[SPARK-33841][CORE] Fix issue with jobs disappearing intermittently from the SHS under high load

### What changes were proposed in this pull request?

Mark SHS event log entries that were `processing` at the beginning of the `checkForLogs` run as not stale and check for this mark before deleting an event log. This fixes the issue when a particular job was displayed in the SHS and disappeared after some time, but then, in several minutes showed up again.

### Why are the changes needed?

The issue is caused by [SPARK-29043](https://issues.apache.org/jira/browse/SPARK-29043), which is designated to improve the concurrent performance of the History Server. The [change](https://github.com/apache/spark/pull/25797/files#) breaks the ["app deletion" logic](https://github.com/apache/spark/pull/25797/files#diff-128a6af0d78f4a6180774faedb335d6168dfc4defff58f5aa3021fc1bd767bc0R563) because of missing proper synchronization for `processing` event log entries. Since SHS now [filters out](https://github.com/apache/spark/pull/25797/files#diff-128a6af0d78f4a6180774faedb335d6168dfc4defff58f5aa3021fc1bd767bc0R462) all `processing` event log entries, such entries do not have a chance to be [updated with the new `lastProcessed`](https://github.com/apache/spark/pull/25797/files#diff-128a6af0d78f4a6180774faedb335d6168dfc4defff58f5aa3021fc1bd767bc0R472) time and thus any entity that completes processing right after [filtering](https://github.com/apache/spark/pull/25797/files#diff-128a6af0d78f4a6180774faedb335d6168dfc4defff58f5aa3021fc1bd767bc0R462) and before [the check for stale entities](https://github.com/apache/spark/pull/25797/files#diff-128a6af0d78f4a6180774faedb335d6168dfc4defff58f5aa3021fc1bd767bc0R560) will be identified as stale and will be deleted from the UI until the next `checkForLogs` run.
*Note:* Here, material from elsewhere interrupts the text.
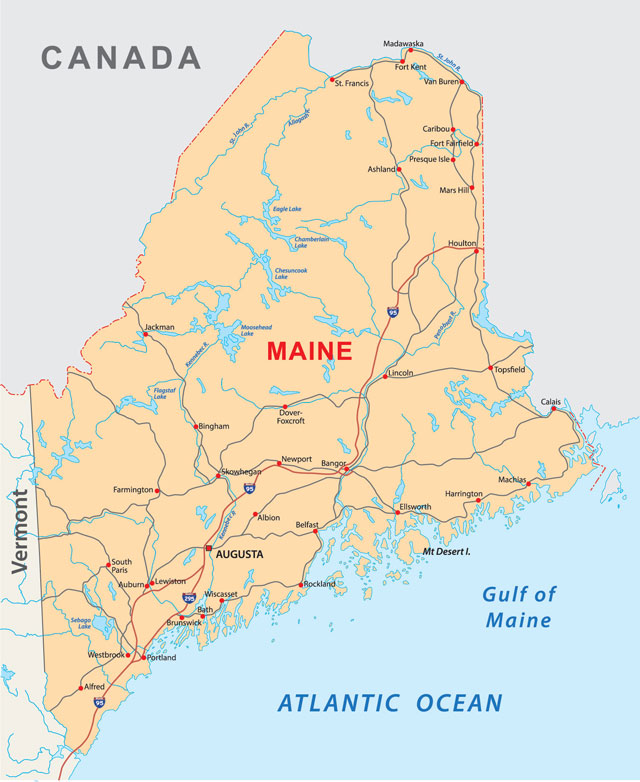 Located in the far northeast corner of the United States, Maine is the largest of the New England states. The Maine penninsula, West Quoddy Head, is the easternmost land area of the United States. Caribou is the country’s northeasternmost city. Maine can be divided into three geographic land areas: the Coastal Lowlands, the Eastern New England Uplands, and the White Mountains.

This is because [updated `lastProcessed` time is used as criteria](https://github.com/apache/spark/pull/25797/files#diff-128a6af0d78f4a6180774faedb335d6168dfc4defff58f5aa3021fc1bd767bc0R557), and event log entries that missed to be updated with a new time, will match that criteria.

The issue can be reproduced by generating a big number of event logs and uploading them to the SHS event log directory on S3. Essentially, around 236(26.7 MB) copies of an event log directory were created using [shs-monitor](https://github.com/vladhlinsky/shs-monitor/tree/spark-master) script. Strange behavior of SHS counting the total number of applications was noticed - at first, the number was increasing as expected, but with the next page refresh, the total number of applications decreased. No errors were logged by SHS.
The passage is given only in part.